So here's how Vladimir proposed implementing it in his series (written 
before my byte-based block status stuff went in to your tree):
https://lists.gnu.org/archive/html/qemu-devel/2018-02/msg04038.html

Server side (3/9):

+        int ret = bdrv_block_status_above(bs, NULL, offset, tail_bytes, 
&num,
+                                          NULL, NULL);
+        if (ret < 0) {
+            return ret;
+        }
+
+        flags = (ret & BDRV_BLOCK_ALLOCATED ? 0 : NBD_STATE_HOLE) |
+                (ret & BDRV_BLOCK_ZERO      ? NBD_STATE_ZERO : 0);

Client side (6/9):

+    *pnum = extent.length >> BDRV_SECTOR_BITS;
+    return (extent.flags & NBD_STATE_HOLE ? 0 : BDRV_BLOCK_DATA) |
+           (extent.flags & NBD_STATE_ZERO ? BDRV_BLOCK_ZERO : 0);

Does anything there strike you as odd?  In isolation, they seemed fine 
to me, but side-by-side, I'm scratching my head: the server queries the 
block layer, and turns BDRV_BLOCK_ALLOCATED into !NBD_STATE_HOLE; the 
client side then takes the NBD protocol and tries to turn it back into 
information to feed the block layer, where !NBD_STATE_HOLE now feeds 
BDRV_BLOCK_DATA.  Why the different choice of bits?
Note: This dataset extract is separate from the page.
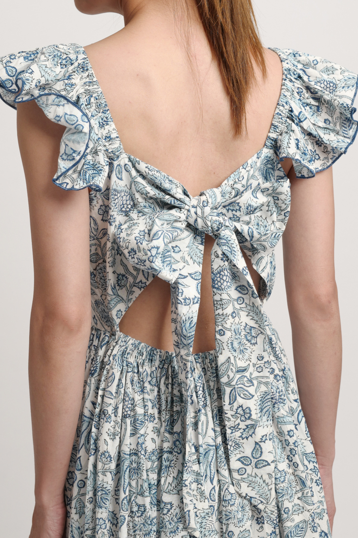 Maxi Đuôi Cá Hở Lưng Cotton Isla Bonita, chất liệu cotton cao cấp trên nển hoa nổi bật. Phần lưng sau hở cột nơ độc đáo. Phần thân trên có lớp lót. Eo thun co
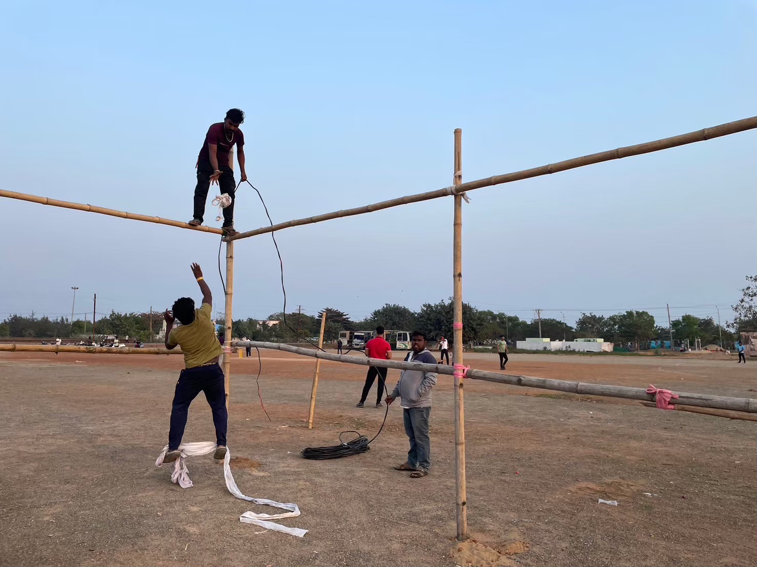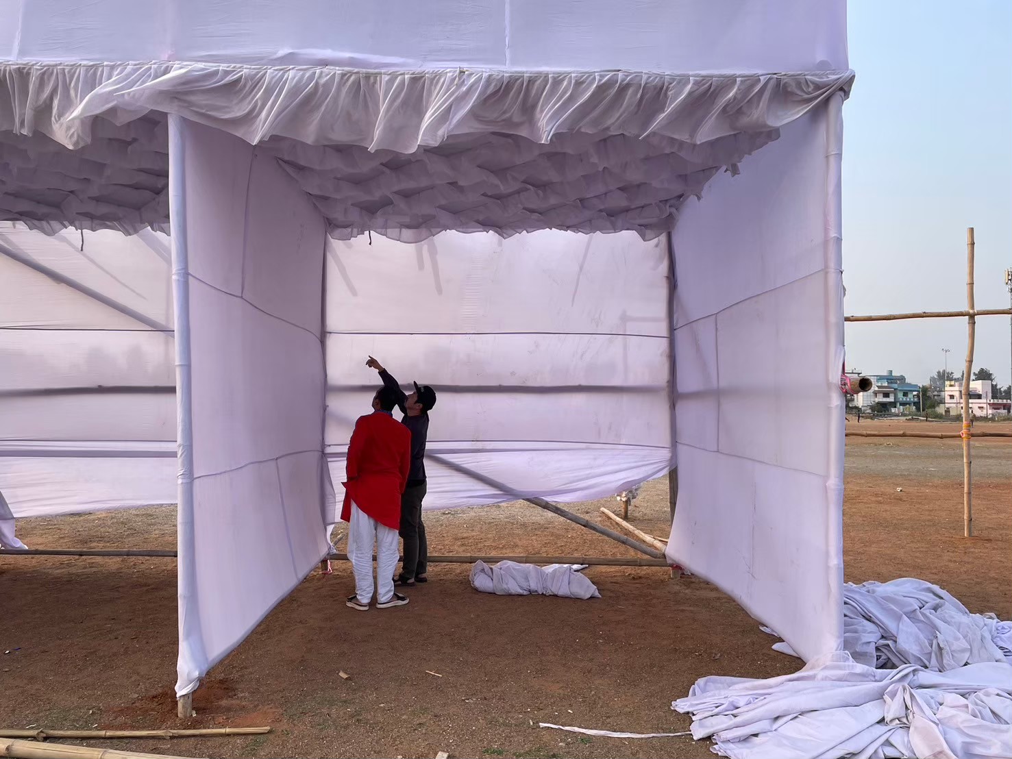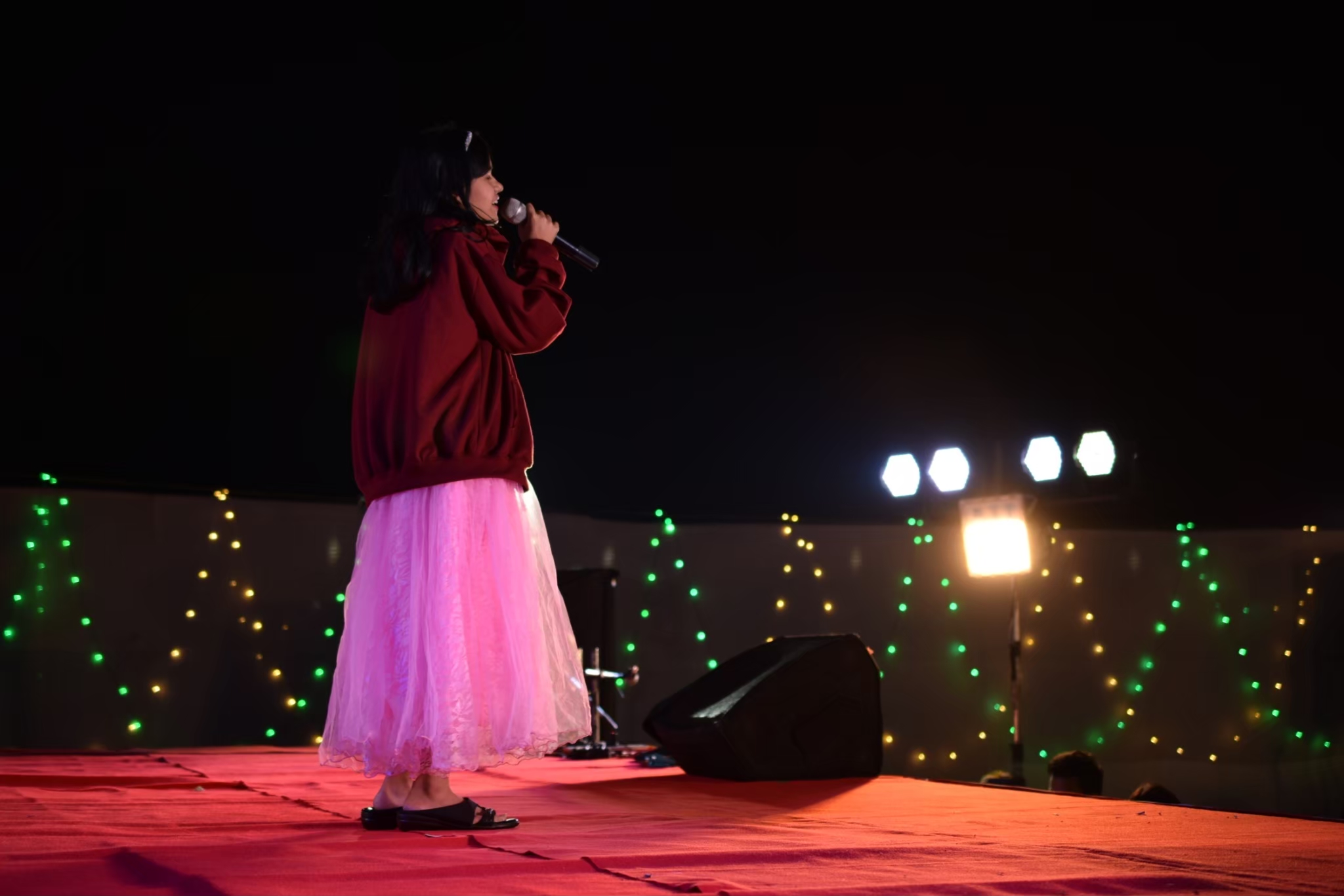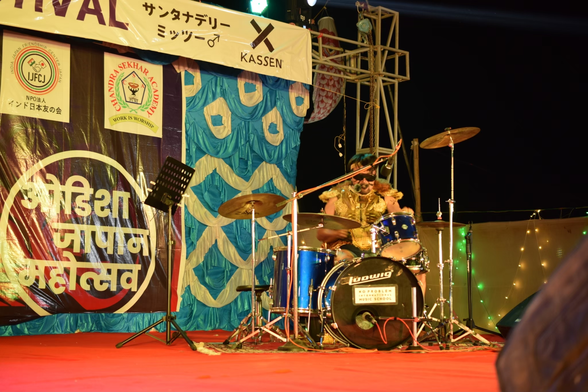 ドラムと一緒に糸とヒンディー語の曲を歌いました

Part of the story is that right now, we document that ONLY the block 
layer sets _ALLOCATED, in io.c, as a result of the driver layer 
returning HOLE || ZERO (there are cases where the block layer can return 
ZERO but not ALLOCATED, because the driver layer returned 0 but the 
block layer still knows that area reads as zero).  So Victor's patch 
matches the fact that the driver shouldn't set ALLOCATED.  Still, if we 
are tying ALLOCATED to whether there is a hole, then that seems like 
information we should be getting from the driver, not something 
synthesized after we've left the driver!

Then there's the question of file-posix.c: what should it return for a 
hole, ZERO|OFFSET_VALID or DATA|ZERO|OFFSET_VALID?  The wording in 
block.h implies that if DATA is not set, then the area reads as zero to 
the guest, but may have indeterminate value on the underlying file - but 
we KNOW that a hole in a POSIX file reads as 0 rather than having 
indeterminate value, and returning DATA fits the current documentation 
(but doing so bleeds through to at least 'qemu-img map --output=json' 
for the raw format).  I think we're overloading too many things into 
DATA (which layer of the chain feeds what the guest sees, and do we have 
a hole or is storage allocated for the data).  The only uses of 
BDRV_BLOCK_ALLOCATED are in the computation of bdrv_is_allocated(), in 
qcow2 measure, and in qemu-img compare, which all really do care about 
the semantics of "does THIS layer provide the guest image, or do I defer 
to a backing layer".  But the question NBD wants answered is "do I know 
whether there is a hole in the storage"  There are also relatively few 
clients of BDRV_BLOCK_DATA (mirror.c, qemu-img, 
bdrv_co_block_status_above), and I wonder if some of them are more 
worried about BDRV_BLOCK_ALLOCATED instead.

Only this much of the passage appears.